Hür dünya liderliğinden, terör hamiliğine

ABD'nin Suriye'den çekilmesi tam bir siyasi oyuna döndü.
Küresel siyaset açısından bakıldığında ABD'nin çekilmeyeceğini söylemek mümkün ama Trump'ın yaklaşımı ve terör örgütleriyle birlikte fotoğraf veren ve Türkiye gibi "stratejik ortağı"nı karşısına alan ABD açısından bakıldığında ise çekilmesi ihtimali yüksek görünüyor.
Son 10 gün içinde Trump dahil ABD yetkililerinin söylediklerini alt alta koyduğunuzda ortaya rezil bir tablo çıkıyor. Kimin ne dediği belli değil.

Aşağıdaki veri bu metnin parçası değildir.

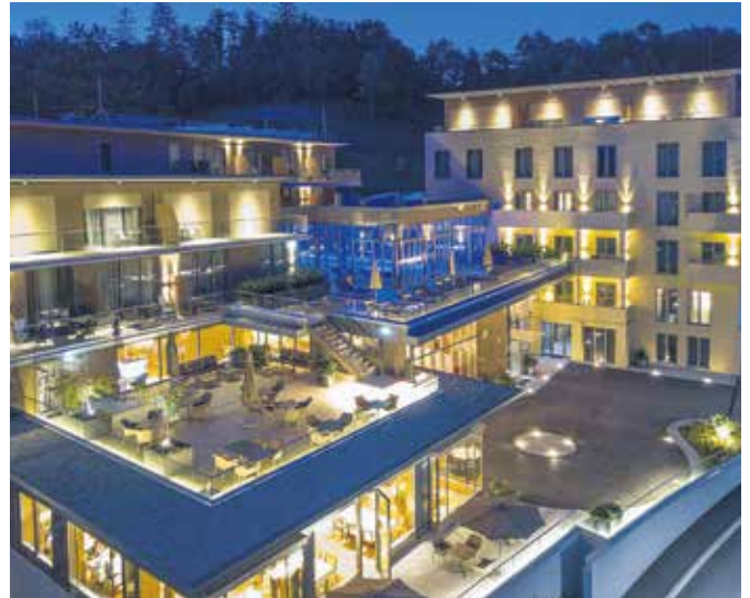
Atlantida Boutique Hotel v Rogaški Slatini se naslanja na dolgoletno tradicijo zdraviliškega turizma v kraju. 📍

To so le trije primeri, ki kažejo, kako se slovenska naravna zdravilišča in druga infrastruktura, ki se je razvila v zdraviliških krajih, vključujejo v zdravstveno turistični sistem Slovenije. "Posebno vrednost sloven-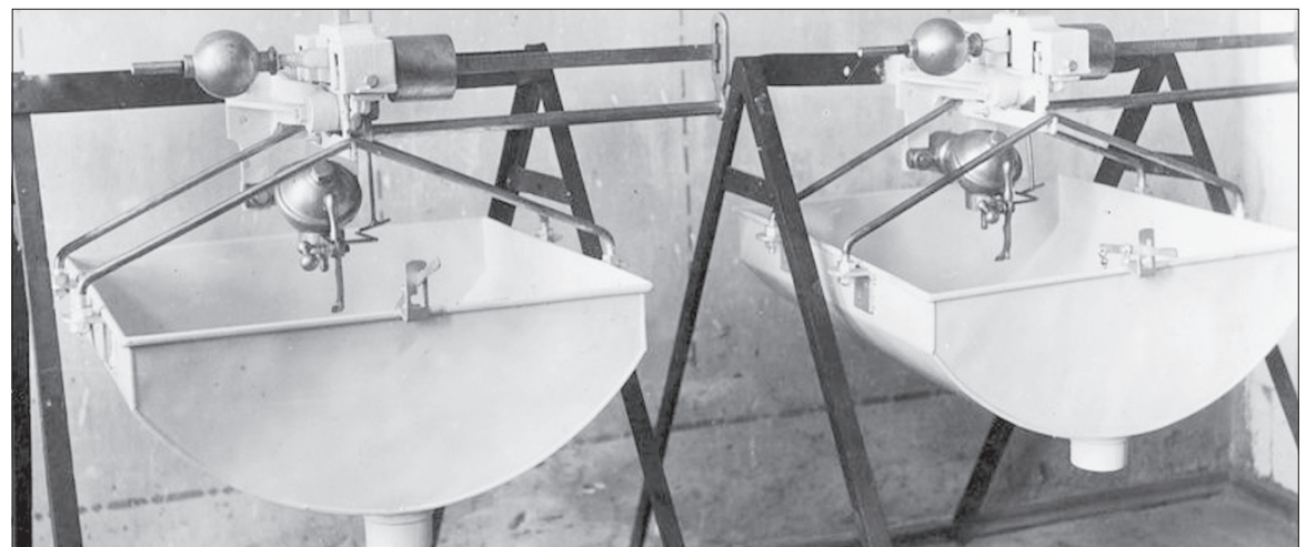
► Panevėžio vidurinės amatų mokyklos moksleivių pagamintos svarstyklės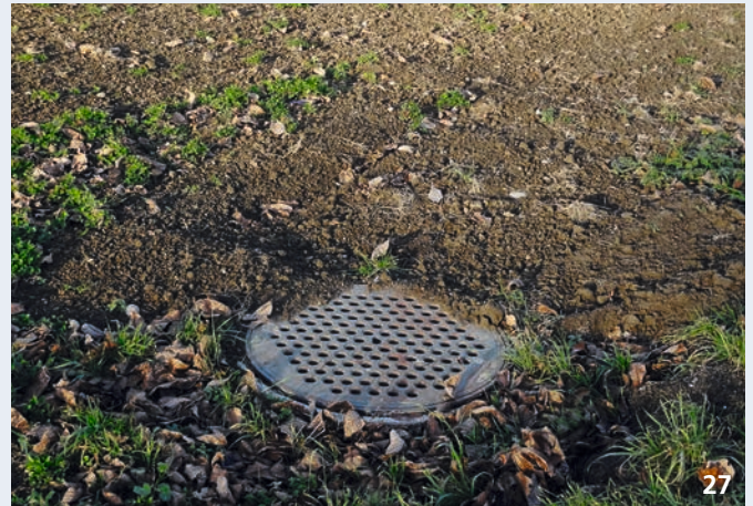
Der Schacht hat keinen oder einen undichten Deckel. Wasser aus dem Feld und erodierte Erde können in den Schacht gelangen.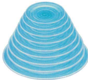
57551-819 7寸神龍鉢 青磁 2,000円 (φ21×3.6cm) ※ABS 57552-819 8寸神龍鉢 青磁 2,650円 (φ24.2×3.8cm) ※ABS 57553-819 9寸神龍鉢 青磁 3,650円 (φ27.2×3.9cm) ※ABS 57554-819 10寸神龍鉢 青磁 4,200円 (φ30×4.1cm) ※ABS 57555-819 11寸神龍鉢 青磁 4,750円 (φ33.3×4.4cm) ※ABS 57556-819 12寸神龍鉢 青磁 5,400円 (φ36×4.5cm) ※ABS 57557-819 13寸神龍鉢 青磁 5,950円 (φ39.4×5cm) ※ABS 57558-819 14寸神龍鉢 青磁 7,350円 (φ42×5.2cm) ※ABS 57559-819 15寸神龍鉢 青磁 9,000円 (φ45.5×5.5cm) ※ABS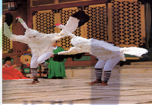
[그림 III-23-학무 사진2]

Belki de Trump dönemi ABD'si tam da budur. Aslında Obama döneminde de ABD'nin bir Suriye siyaseti yok deniyordu.
Gerçekte ise yürütülen terör örgütleriyle iç içe geçen ABD'nin yeni küresel siyasetiydi.

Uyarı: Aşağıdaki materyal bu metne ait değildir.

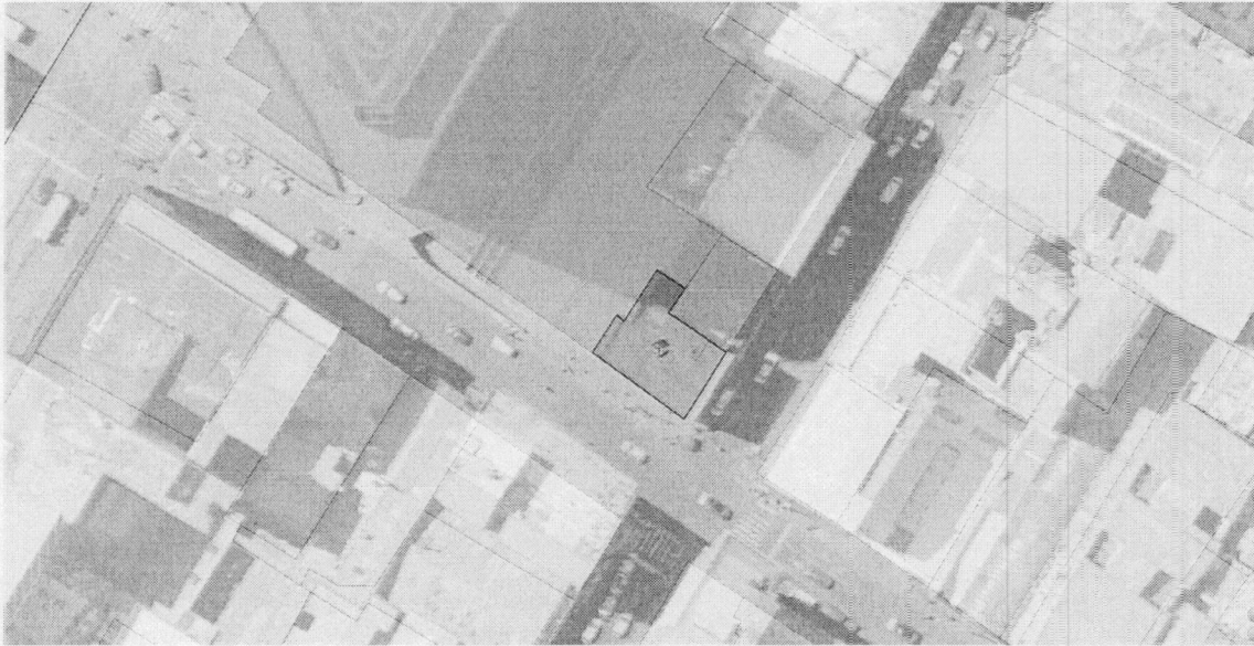
Localización del predio de la Carrera 9 17 19 y/o Calle 17 No 9-04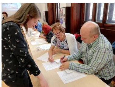
Predstavitveno srečanje z mentorico

Več: https://www.refugeesinproject.eu/en/pack/catalogue/films.html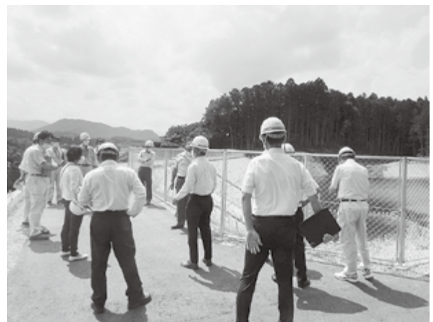
金堰1号ため池現地調査

金堰1号ため池はほぼ完成状況での現地調査で、完成後は住民での管理になるとの説明を受けた。今後の施設管理の課題を検証していく必要がある。障害防止対策については、これからも住民の意見をもとに強く要望していく。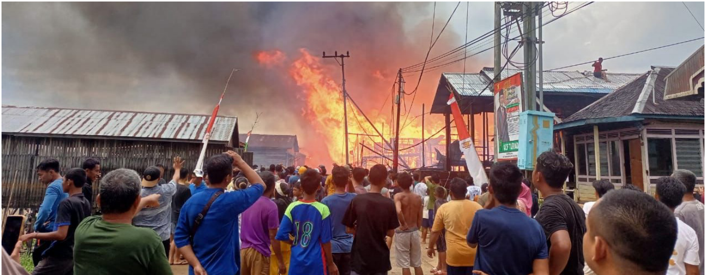
Ilustrasi proses pemadaman kebakaran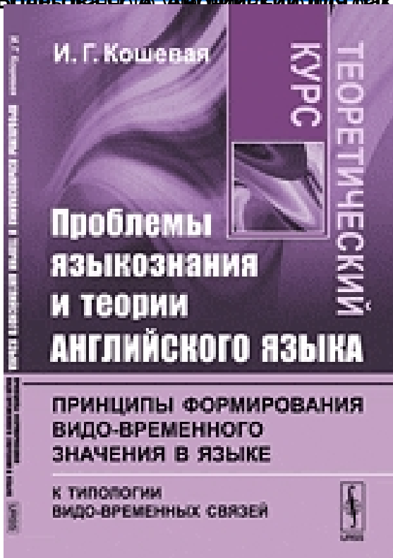
Кошечая И.Г. Проблемы языкознания и теории английского языка. Принципы формирования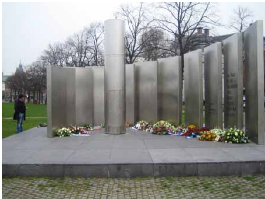
Afb. 17 Ravensbrück-monument op het Museumplein in Amsterdam (1975). Ontwerpers: Guido Eckhardt, Frank Nix en Joost van Santen.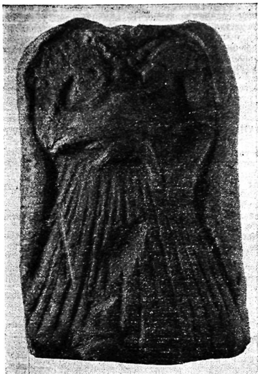
Рис. 1. Статуэтка богини из Мирзакултепа.

ного ангоба. Оттиск объемный, выполнен штампом. Голова утрачена. Длина статуэтки 125 мм, ширина 48—74 мм, толщина 5—27 мм. Бока, нижняя часть и тыльная сторона подрезаны ножом. Тыльная сторона не плоская, как обычно, а имеет глубокое и довольно широкое вертикальное углубление в середине, сделанное, видимо, для уменьшения тяжести статуэтки.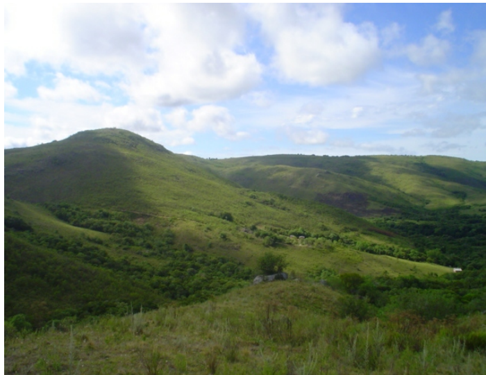
Fig.55. Local de transposição do rio Camaquã, cortando o maciço granítico, e caracterizando uma serra íngreme e rochosa pelo efeito erosivo natural de seu alto gradiente hidráulico.

"limpas", não se tornam favorecidas a atividades agrícolas convencionais. Há que se criar um sistema de uso da mata ainda existente, com um enriquecimento de espécies locais que possam dar retorno sem afugentar os animais silvestres.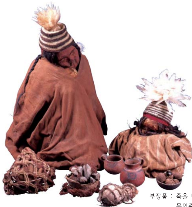
부장품 : 죽을 때 사용하던 물건을 무덤에 함께 묻어주는 물건. '꺼묻거리'라고도 합니다.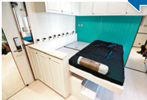
把睡床拉開，再把靠牆的層板放下來，即可由 3 呎床變成 4 呎雙人床。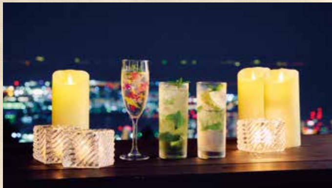
神戸ガーデンテラスパー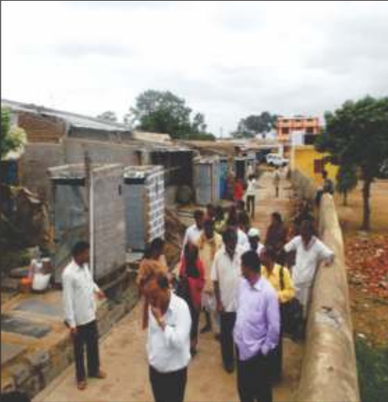
MGNREGA ಹಾಗೂ NBA ಒಗ್ಗೂಡಿಸಿ ಶೌಚಾಲಯ ನಿರ್ಮಾಣ ಗದಗ ತಾಲೂಕು ಅತೂರು ಬೆತೂರು ಗ್ರಾಮ ಪಂಚಾಯತಿ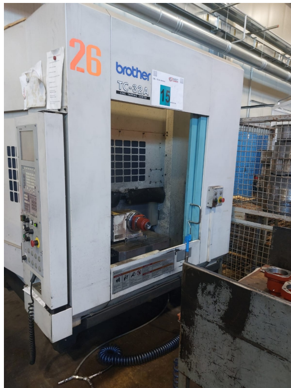
Foto pannello di controllo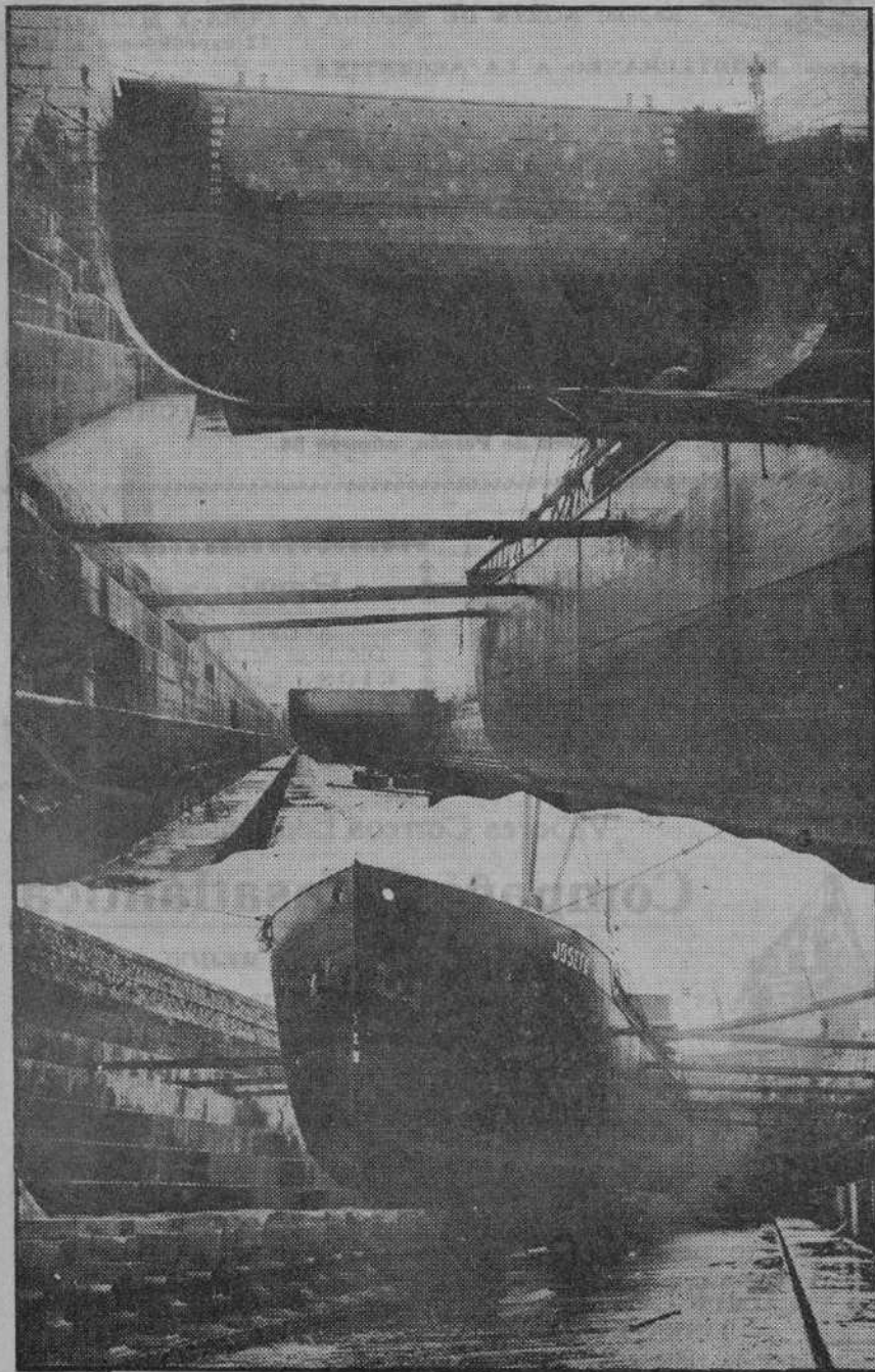
Tres vistas, originales, del burladero del Océano.

DEAŞ ve PKK'yla ABD ilişkisi bu süreçte doğdu.
Trump dönemindeki gel gitlerin nedeni de bu siyaset. Trump'ın son açıklamasına bakın, metinde hem Türkiye'ye yönelik ağır ithamlar var, hem de çekilmenin devam edeceği var;
"Kürtler'e saldırırlarsa Türkiye'yi ekonomik olarak mahvedeceğiz. 20 millik güvenli bölge kuracağız. Aynı şekilde Kürtler'in de Türkiye'yi provoke etmesini istemiyoruz. Şu anda askerlerimizi eve getirme zamanı.

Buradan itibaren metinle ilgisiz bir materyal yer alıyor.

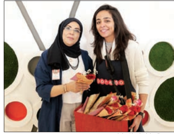
توزيع الهدايا على الموظفات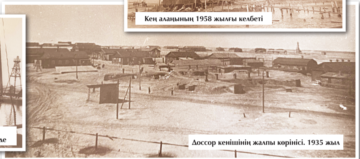
Доссор кенішінің жалпы көрінісі. 1935 жыл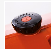
Perilla tensor de correa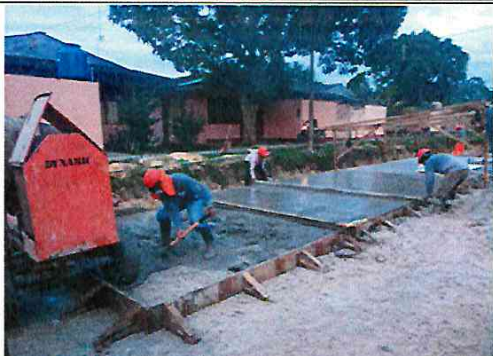
Vista: Vaceo de losa de rodadura - Ca. Libertad (Ca. Castilla/Ca. San Roman)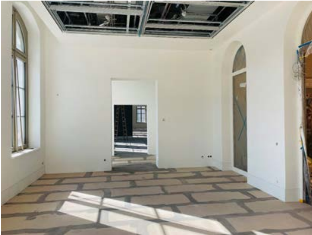
Exhibition spaces "Rooms of Knowledge"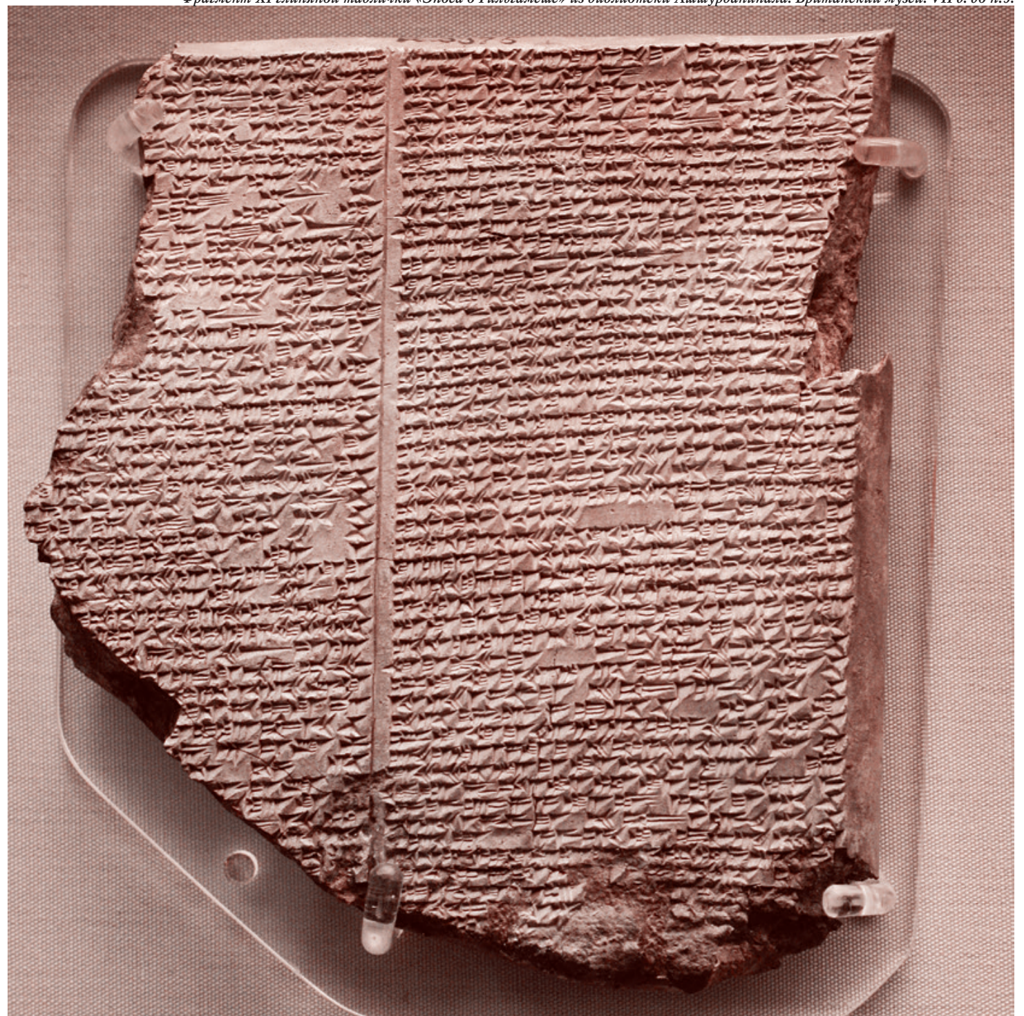
Фрагмент XI глиняной таблички «Эпоса о Гильгамеше» из библиотеки Ашшурбанипала. Британский музей. VII в. до н.э.

Sonsuz Savaşları Bitireceğiz." Türkiye'nin bu dengesiz açıklamaya sert tepki vermesinden hemen sonra devreye giren Dışişleri Bakanı Pompeo'nun şu açıklaması da yukarıdaki tezi doğruluyor:
"Trump'ın sözleri Suriye'den çekilme kararımızı değiştirmez." Aslında bu siyaset, Suriye'yi iç savaş yıkımına sürükleyen ABD siyasetinin bir devamı niteliğinde... ABD, Suriye iç savaşının başlamasından sonra Türkiye'nin önünü kesmek ve çevresiyle ilgilenmesini engellemek için darbe ve terör dahil her şeyi yaptı.
Başaramayınca da şimdi "yeni bir siyaset" devreye sokuyor; Türkiye'yi sıkıştırarak "en aza" razı etmek siyaseti... Bir anlamda Kuzey Irak modeli...
Bunun için de Türkiye'yi tehdit ediyor, bölgede İsrail-Suudi Arabistan, BAE ve Mısır'dan oluşan Şer İttifak'ını harekete geçiriyor. Farkında olmadıkları şu, ne bölge eski bölge ne de Türkiye eski Türkiye...
Bütün bunlar Suriye'de yeni bir durumun olduğuna işaret. Kilidi büyük olasılıkla Münbiç'teki gelişmeler açacak. Münbiç ilginç şeylere gebe... Şehrin çevresi TSK tarafından sarılmış ve PKK-PYD hedefleri topçu ateşi altında. Gelen bilgilere göre içeride ise bambaşka bir fotoğraf var. ABD askerleri hala PKK-PYD unsurlarıyla kol kola. Onlar da Esad rejimiyle irtibat kurmak ve rejimin bölgeye gelmesi için canhıraş bir çaba içinde.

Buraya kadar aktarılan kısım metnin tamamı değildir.